Look inside a BJT op-amp, where diff-input is voltage-based. And the many Current-Source sections employ the transconductance model, Vbe-based explanations, not hfe.

Heh, the actual "transistor man" is made out of voltage; he's the base voltage Vbe, and he adjusts the thickness of the depletion layer inside the emitter junction. The depletion layer observes Ib, changes its thickness in response, and this thickness then determines the value of collector current Ic. Actually Ib cannot affect Ic or vice versa, otherwise we'd just have resistor action, not transistor action.

"As a young engineer struggling with my circuit designs in the mid 60's (remember the h parameters?), a wise experienced teacher sat me down with a single sheet of paper for 30 minutes and preached the value of Ebers-Moll and Re. What's the gain of a common-emitter amplifier stage? Easy, RL / Re. And Re is 25 ohms at 1mA.
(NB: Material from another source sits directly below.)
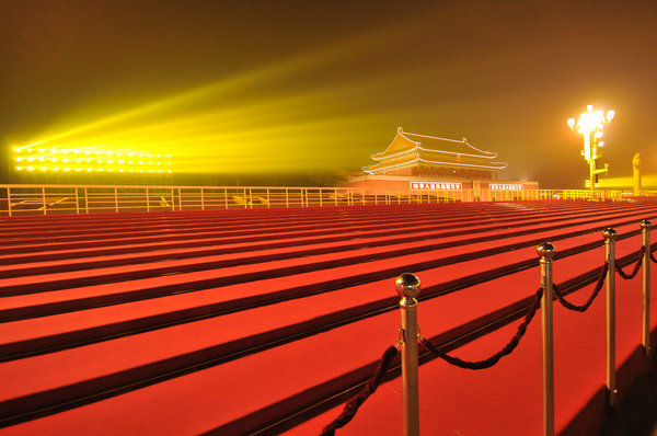 2009年9月17日,北京天安门城楼前金水桥、临时观礼台和广场都铺设红地毯,为建国60周年盛典增添节日喜庆气氛。天安门广场国庆阅兵各项准备工作紧张有序进行

"Oops, Re = VT/IC = 25mV/IC, and changes with current, causing distortion? OK add a degenerating resistance, RE - now the gain is RL / RE+Re, and I can quickly calculate my gain and predict the distortion level for my choices of RE. Try that kind of easy analysis with the βeta approach.

"So I changed my design approach and suddenly things start working as predicted. That is to say, I could reliably engineer instead of empirically-develop my designs. I could also safely do more complex designs." - 2011 Winfield Hill http://cr4.globalspec.com/comment/720374/Re-Voltage-vs-Curre...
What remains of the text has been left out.